**DATA**
****
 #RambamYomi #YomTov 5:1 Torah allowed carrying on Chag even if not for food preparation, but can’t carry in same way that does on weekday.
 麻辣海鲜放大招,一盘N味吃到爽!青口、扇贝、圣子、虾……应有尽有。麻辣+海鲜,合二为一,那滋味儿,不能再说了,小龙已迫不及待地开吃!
****
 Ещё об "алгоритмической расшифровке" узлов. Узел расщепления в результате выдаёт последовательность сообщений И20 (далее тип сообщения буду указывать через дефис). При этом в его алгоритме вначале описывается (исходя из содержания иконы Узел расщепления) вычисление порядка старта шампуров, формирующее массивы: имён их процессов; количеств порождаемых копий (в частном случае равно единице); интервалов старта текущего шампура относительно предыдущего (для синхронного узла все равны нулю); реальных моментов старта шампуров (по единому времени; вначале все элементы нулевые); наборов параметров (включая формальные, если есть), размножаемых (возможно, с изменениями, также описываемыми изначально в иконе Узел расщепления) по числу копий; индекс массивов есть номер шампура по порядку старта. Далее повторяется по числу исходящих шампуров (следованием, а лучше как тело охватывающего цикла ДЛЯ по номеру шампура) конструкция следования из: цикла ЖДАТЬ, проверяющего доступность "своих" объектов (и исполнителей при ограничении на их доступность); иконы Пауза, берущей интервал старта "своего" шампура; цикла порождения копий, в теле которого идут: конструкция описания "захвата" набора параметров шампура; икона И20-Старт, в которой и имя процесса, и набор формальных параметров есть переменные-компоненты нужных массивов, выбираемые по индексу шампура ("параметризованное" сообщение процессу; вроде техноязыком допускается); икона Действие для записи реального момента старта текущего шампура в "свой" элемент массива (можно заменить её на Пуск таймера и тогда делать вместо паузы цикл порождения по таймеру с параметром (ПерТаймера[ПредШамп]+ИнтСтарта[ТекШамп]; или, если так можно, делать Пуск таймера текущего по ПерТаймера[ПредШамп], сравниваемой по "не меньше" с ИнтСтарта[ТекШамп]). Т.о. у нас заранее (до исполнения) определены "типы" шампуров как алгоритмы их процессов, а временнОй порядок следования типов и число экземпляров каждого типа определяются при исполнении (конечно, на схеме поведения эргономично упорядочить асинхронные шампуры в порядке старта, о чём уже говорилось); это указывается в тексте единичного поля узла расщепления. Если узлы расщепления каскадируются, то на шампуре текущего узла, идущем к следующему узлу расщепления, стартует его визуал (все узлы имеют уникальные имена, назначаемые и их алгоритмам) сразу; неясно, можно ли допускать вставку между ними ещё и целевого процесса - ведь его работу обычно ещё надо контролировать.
****
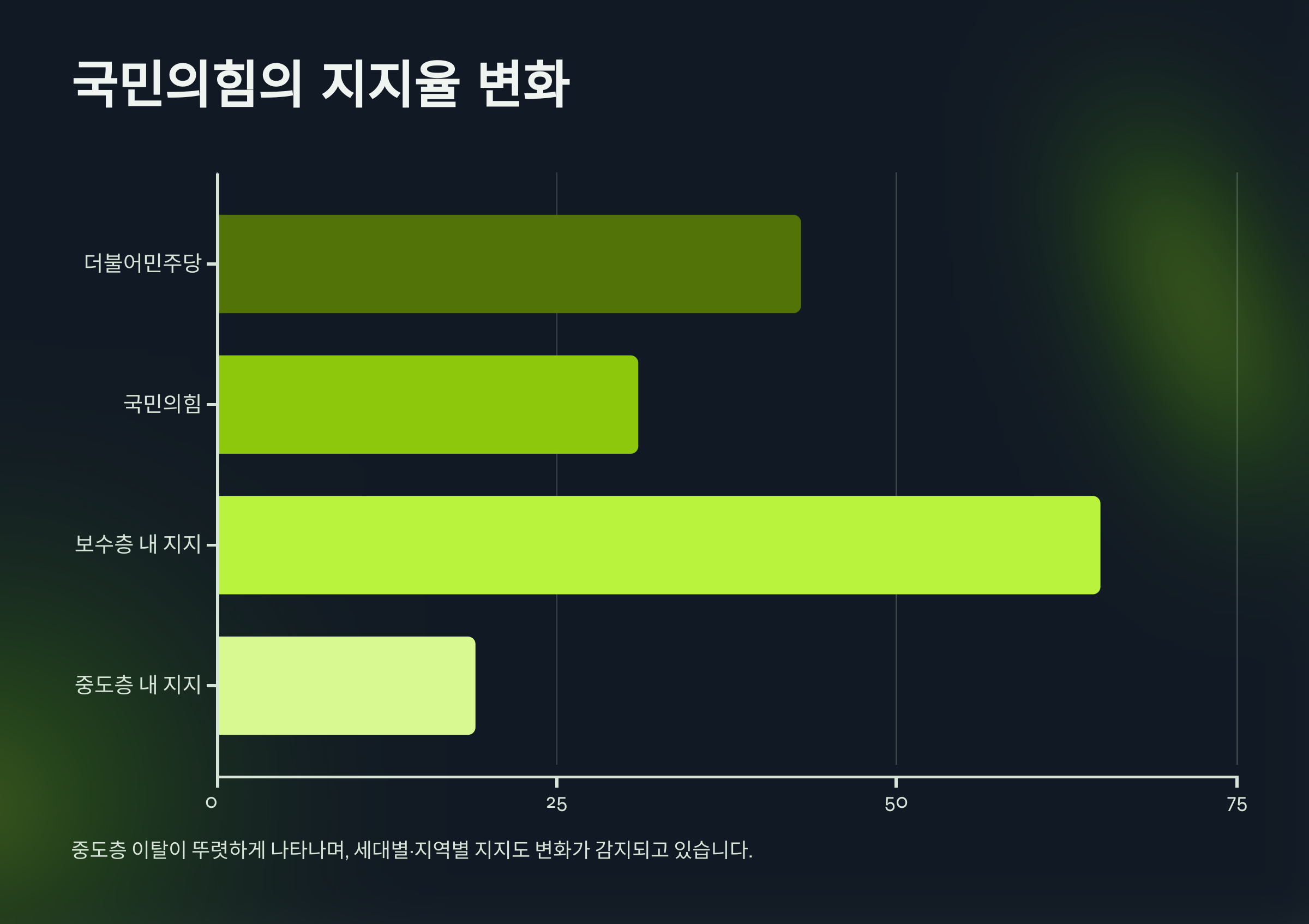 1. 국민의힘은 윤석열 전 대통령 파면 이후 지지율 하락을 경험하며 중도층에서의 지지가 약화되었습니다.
****
**ACTIVITY**
Using the listing above, return word for word each line from the one that has "#RambamYomi #YomTov 5:1" through the one that has "麻辣海鲜放大招,一盘N味吃到", and no line outside that range.

**TASK SOLUTION**
 #RambamYomi #YomTov 5:1 Torah allowed carrying on Chag even if not for food preparation, but can’t carry in same way that does on weekday.
 麻辣海鲜放大招,一盘N味吃到爽!青口、扇贝、圣子、虾……应有尽有。麻辣+海鲜,合二为一,那滋味儿,不能再说了,小龙已迫不及待地开吃!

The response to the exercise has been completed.